Besuch im Pakistan Projekt 2024
Englischunterricht für die Kinder der vierten Klasse der Friedenskinder-Schule im pakistanischen Mahey. „Crossing the street“ ist das Thema. Was muss ich an der Ampel beachten? Das Dorf nahe der Grenze zu Kashmir hat keine Ampel, die meisten der Kinder haben auch noch nie eine gesehen. „Ist aber wichtig“, erklärt Arif Minhas, örtlicher Projektleiter der Schule, „wir wollen den Kindern modernes Leben vermitteln.
Mehr als die Hälfte der aktuell 136 Kinder an der Schule sind Mädchen. So erfreulich die Zahl klingt, bereitet sie Minhas aber auch Sorge: „Die wenigsten Mädchen haben nach dem Abschluß unserer Grundschule die Möglichkeit, eine weiterführende Schule zu besuchen“. Nur fünf Schülerinnen an der Mädchen-Highschool in Hazara Mughlan kommen aus Mahey.
Vielen Eltern ist der rund fünf Kilometer lange Schulweg zu gefährlich, ausserdem fehlt das Geld für Schuluniformen und Lernmittel.
Die anderen Mädchen bleiben zu Hause und warten auf eine oftmals frühe Hochzeit. 3,6% heiraten bereits mit 15, 18,3% mit 18 Jahren.
Die Eltern wünschen sich bessere Bildungschancen für ihre Töchter. Bei einem der monatlich stattfindenden Elternsprechtage äussert eine Mutter den Wunsch nach einer Mädchen-Highschool in Mahey.

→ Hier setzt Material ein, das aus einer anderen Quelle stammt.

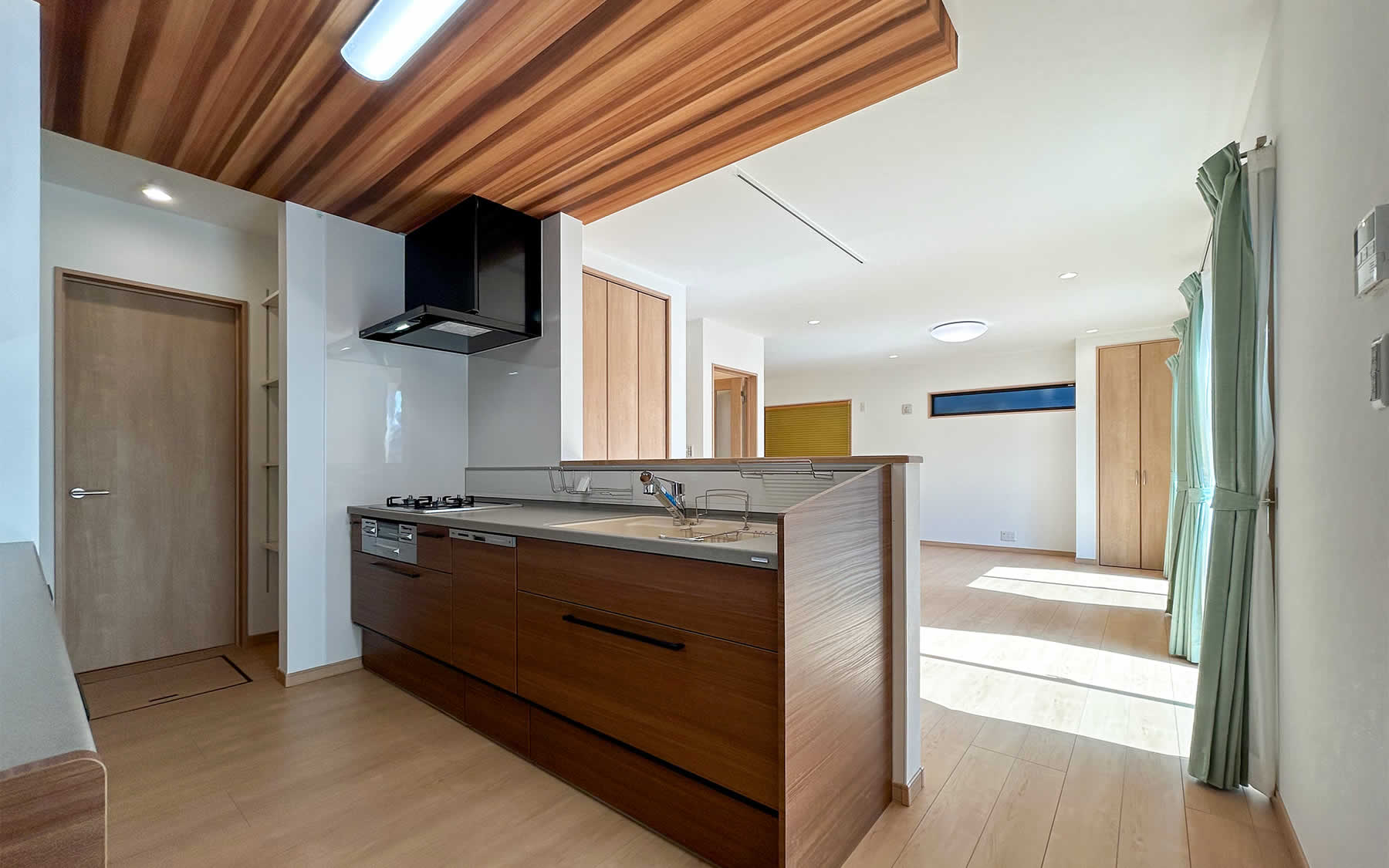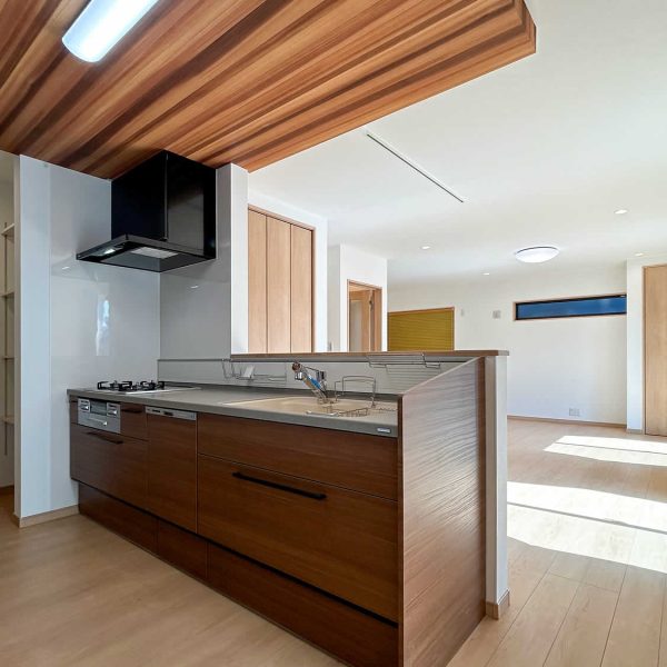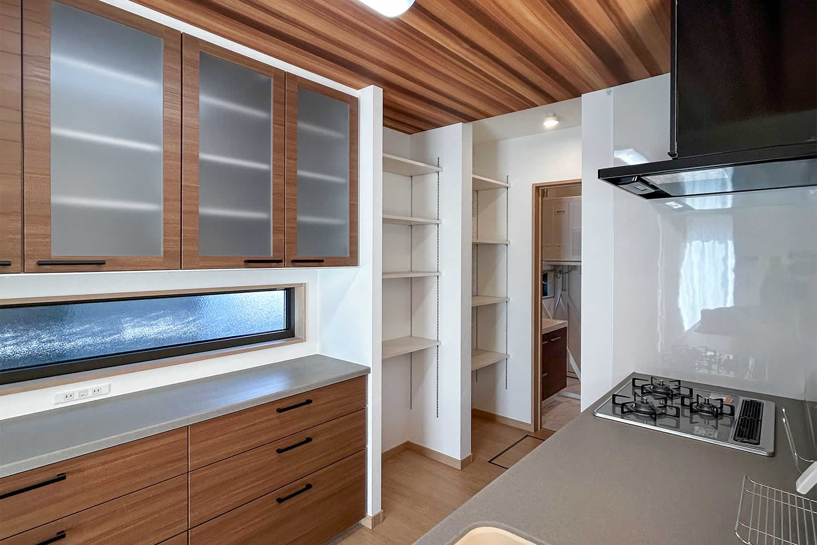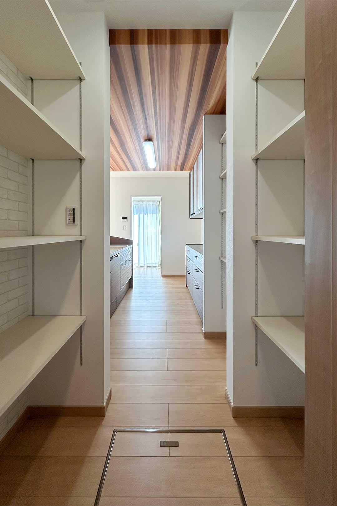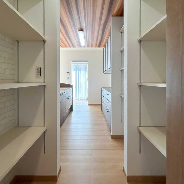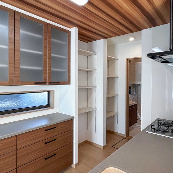 木目の天井が綺麗なキッチン大容量のパントリーは可動式の棚で家電やストック品も好きな高さに調節できるのがポイントです。

Das führte zu der Überlegung, auf das Schulgebäude, das früher mal ein Ladenlokal war, um eine Etage aufzustocken. Technisch ist das machbar und wurde einst schon beim Bau so vorgesehen.
In der letzten Vorstandssitzung haben die Friedenskinder beschlossen, das Projekt umzusetzen, da es in der Region einen wesentlichen Beitrag zur Chancengleichheit von Mädchen leistet. Bau und Ausstattung werden rund 20.000 Euro kosten.
Dafür sollen fünf Räume entstehen, darunter ein Computerraum, der ähnlich wie an den meisten Schulen in der Umgebung mit second-hand-Technik bestückt werden soll.
IT ist einer der Schwerpunkte des Lehrplans. In Pakistan finden junge Frauen inzwischen Jobs in Büros oder Banken. Aber nicht nur dort. Inzwischen arbeiten hier viele Frauen bei der Polizei und dem Militär.
Polizistin Hajira Javed kontrolliert die Ausweise einer Gruppe von Männern. Sie hat nach ihrem College-Abschluss bei der örtlichen Polizeibehörde angefangen. Die wichtigste Voraussetzung für den Erfolg von Frauen im Berufsleben sieht sie in einer fundierten Ausbildung.
Die Highschools der Umgebung loben die Schüler der Friedenskinder-Schule. Iftkhar Ahmed, Direktor der staatlichen Highschool für Jungs in Hazara Murghlan, lobt den exzellenten Bildungsstand der Absolventen und die hohe Qualifikation der Lehrerinnen.
Die Schule in Mahey soll mehr sein als eine reine Grundschule. In sechs Klassen, Nursery, Prep und den Klassen eins bis vier werden Kinder unterrichtet, deren Eltern den Besuch einer staatlichen Schule nicht finanzieren könnten.
Gleichzeitig bildet die Schule auch den sozialen Mittelpunkt
des kleinen Dorfes. Alle neun Lehrerinnen haben eine Ausbildung in Erster Hilfe
absolviert. Somit ist die Schule das, was man bei uns als Stützpunkt für first
responder bezeichnen würde.
Der einzige Krankenwagen weit und
breit ist in der Kreisstadt Kariamwala
stationiert und braucht mindestens 20 Minuten, bis er vor Ort ist. In der
Zwischenzeit übernimmt das Personal der Schule die Erstversorgung. Das wird
auch regelmäßig gemeinsam mit dem staatlichen Rettungsdienst geübt.
Für viele Dorfbewohner ist der Zugang zu den spärlichen staatlichen Sozialleistungen schwierig. Arif Minhas organisiert regelmäßige Busfahrten zur Behörde und meldet die Frauen vorher an, damit die Anträge zügig bearbeitet werden.
„Mit den verbesserten Bildungschancen für Mädchen können wir das Leben der Menschen im Dorf verbessern. Bildung verbessert das einkommen und damit das Leben der ganzen Familie“, resümiert Arif Minhas.